* **THE TASK**: Write out nothing but the lines from the one containing "赤リップフェイスとミンクファーのピアス(ワケあり)" through the last line below, both included, and without the pictures.

* **SOURCE DATA**:
★ ★ ★ ★ ★ ★ ★
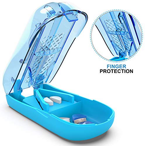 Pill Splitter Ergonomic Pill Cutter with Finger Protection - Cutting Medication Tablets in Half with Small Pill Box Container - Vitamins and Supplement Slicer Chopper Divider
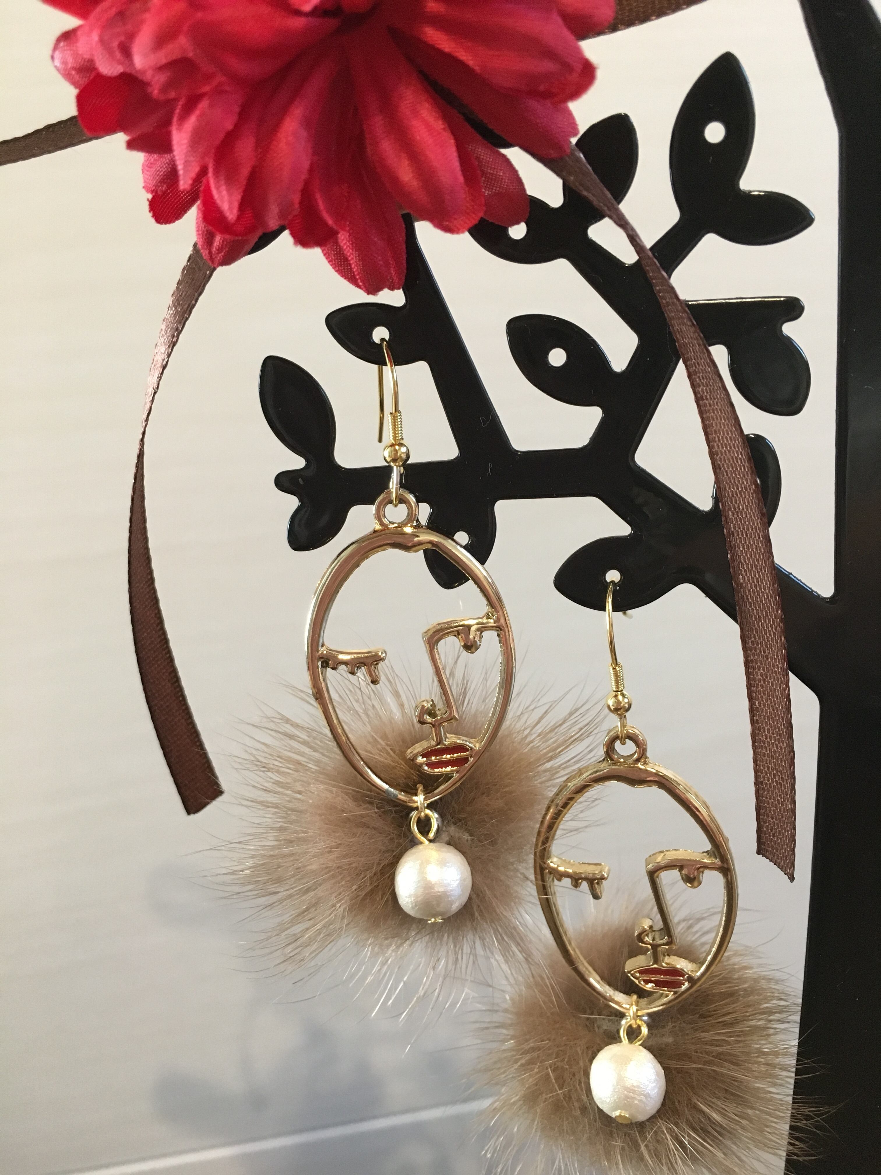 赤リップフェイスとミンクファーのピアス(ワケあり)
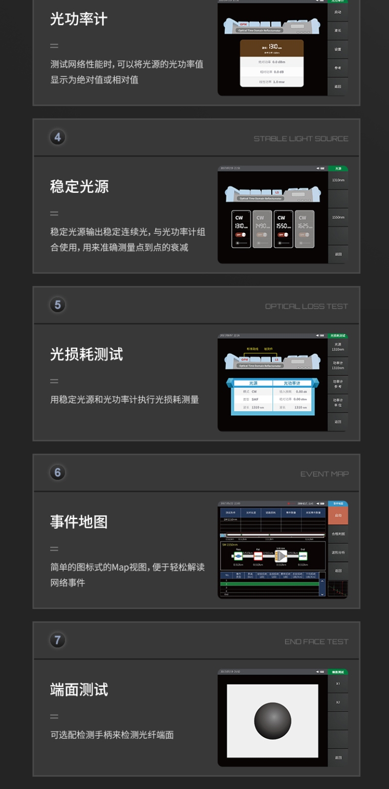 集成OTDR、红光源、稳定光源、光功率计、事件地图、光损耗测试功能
★ ★ ★ ★ ★ ★ ★
* **RESULT BELOW**:
 赤リップフェイスとミンクファーのピアス(ワケあり)
 集成OTDR、红光源、稳定光源、光功率计、事件地图、光损耗测试功能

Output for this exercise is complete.